### [Work instructions]
The reply should repeat all of the data word for word, with no pictures.

### [Information supplied]
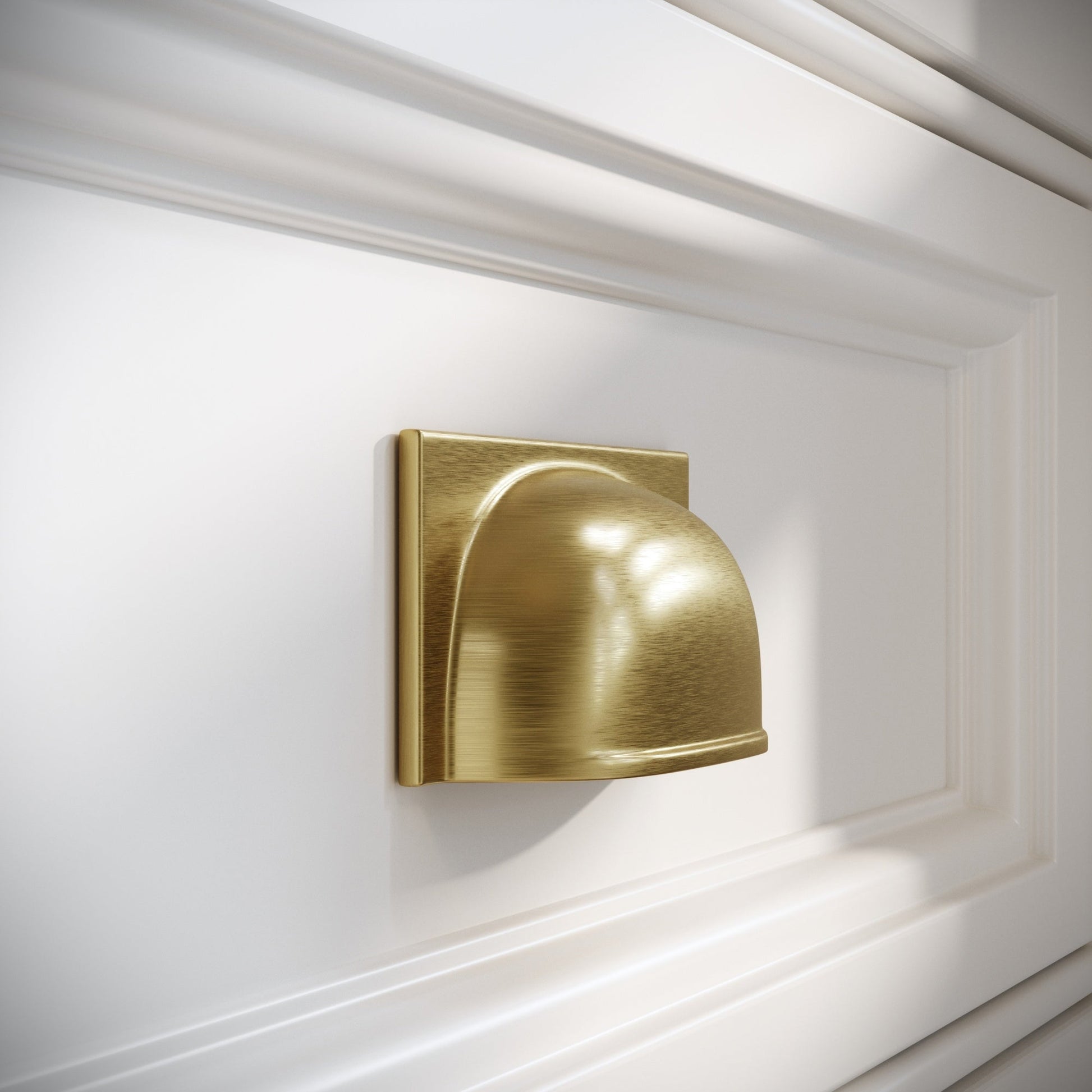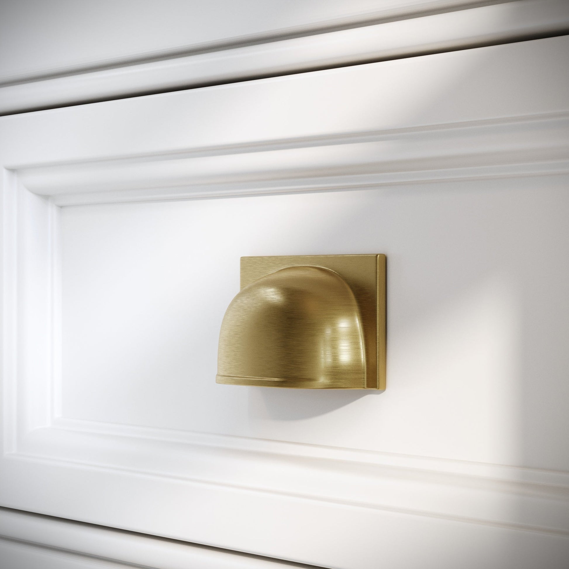 Defined by its distinctive cup shape and opulent brushed gold finish, the Brook pull handle adds unique character to your home.
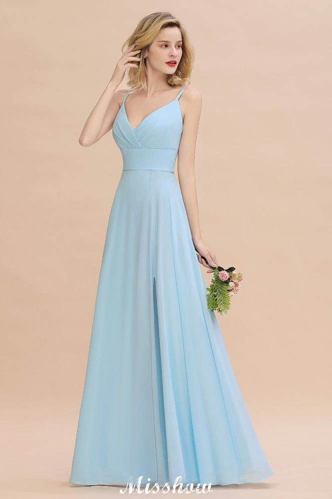 Elegant Front Split Bridesmaid Dress Garden Spaghetti Straps V-neck Floor Length Dress
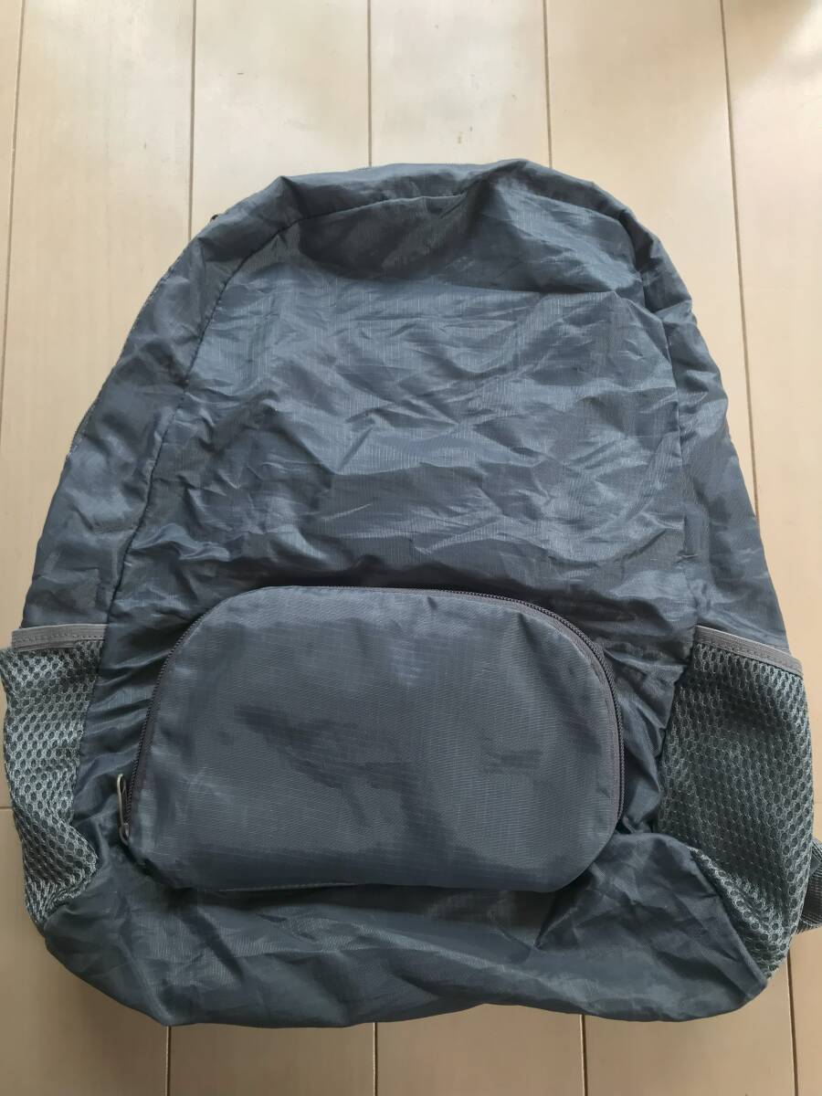 - 携帯用★超軽量小型収納リュック■ブルーグレー■重さ140g

### [Task solution]
 Defined by its distinctive cup shape and opulent brushed gold finish, the Brook pull handle adds unique character to your home.
 Elegant Front Split Bridesmaid Dress Garden Spaghetti Straps V-neck Floor Length Dress
 - 携帯用★超軽量小型収納リュック■ブルーグレー■重さ140g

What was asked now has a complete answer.